In a sense they are right. For the time being they have "won" and the opposition is down or on the run. Meanwhile, day by day, Nicaragua collapses from within.
When the Mexican paper Excelsior (October 21) asked Sandinista Vice President Sergio Ramirez if the revolution had made any mistakes, he said: "In the initial years, a fundamental one. Too many dreams. It was imbued with the idea that it could solve everything from one day to the next. It never calculated the weight of enmity from the United States, or the high cost of such ill will. It never prepared for the long struggle." This is one of the Big Lies of the revolution, which many around the world accept--the old "you made us do it" routine that stands the facts on their heads. In reality, during the first 18 months the Sandinistas were in power, before the armed Contras even existed, the United States gave Nicaragua more aid than did any other nation, even as the Sandinistas built the largest army in Central American history and began subverting their neighbors by arming the Salvadoran guerrillas.
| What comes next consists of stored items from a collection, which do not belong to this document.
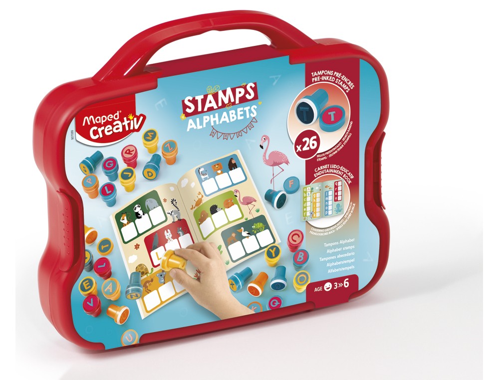 Maletín con 26 sellos de letras y 1 cuaderno para completar. Fácil de usar: sellos preentintados (sin almohadilla de tinta). Pedagógico: 20 páginas con actividades. Tinta lavable.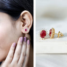 Elevate your jewelry collection with these exquisite Ruby Stud Earrings, set in luxurious Yellow Gold Plated Sterling Silver. Each earring showcases a vibrant, Oval Shape Ruby, measuring 5X7 mm, known for its deep, captivating red hue that symbolizes passion and timeless elegance. Surrounding each Ruby is a delicate Halo of EF-VS Quality Lab Grown Diamond stones to enhance the brilliance of the center stone, adding extra sparkle and a touch of modern sophistication. These Ruby Diamond Earrings are secure with Screw Back Closure, providing both comfort and confidence, ideal for daily wear or special occasions. The Yellow Gold Plating enhances the overall design, giving it a classic yet contemporary feel that easily complements both casual and formal looks. Whether gifted to mark a significant milestone or chosen as a treat for yourself, these AAA Quality Ruby Studs bring a perfect balance of color, sparkle, and craftsmanship. A statement of elegance and sustainability, these Real Ruby Earrings reflect a modern approach to timeless beauty. Packaged in a signature jewelry box, these Ruby Earrings are ready to dazzle from the moment you open them.
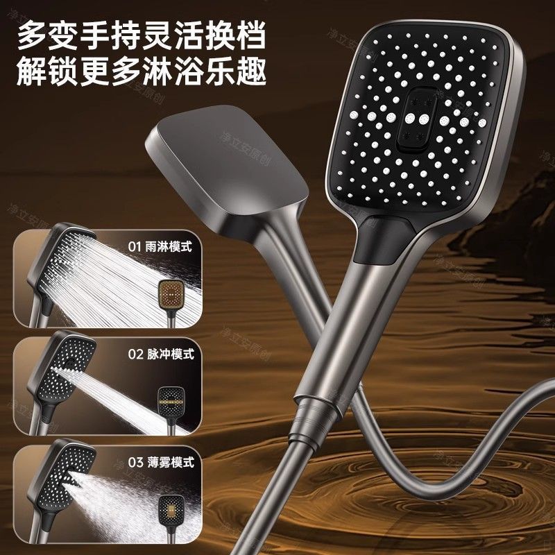 - 【星岩灰套装2】增压花洒+1.5米防爆软管

The opposition daily La Prensa had it right on November 8 when it said that the Sandinista revolution remains, but the broadly based democratic revolution of 1978-79, the one that really brought about the downfall of dictator Anastasio Somoza, does not. As the paper noted, the Sandinistas have betrayed all the promises they made to Nicaraguans and the international community. They could have given Nicaraguans "an era of peace and progress," but instead they have brought "war, destruction, death and retrogression."
That is, the original revolution has been undermined by a small clique of ideologues whose policies pervade every corner of society in a way Somoza's never did. This clique is a new ruling class, as the Independence Liberal Party (PLI) weekly Paso a paso noted at the beginning of November, with comrades who live luxuriously in an impoverished society. It isn't just that President Daniel Ortega sports designer sunglasses but, more importantly, that just one of his residences occupies three blocks in downtown Managua, while the other comandantes also live extravagantly by Nicaraguan standards in Managua's few posh neighborhoods.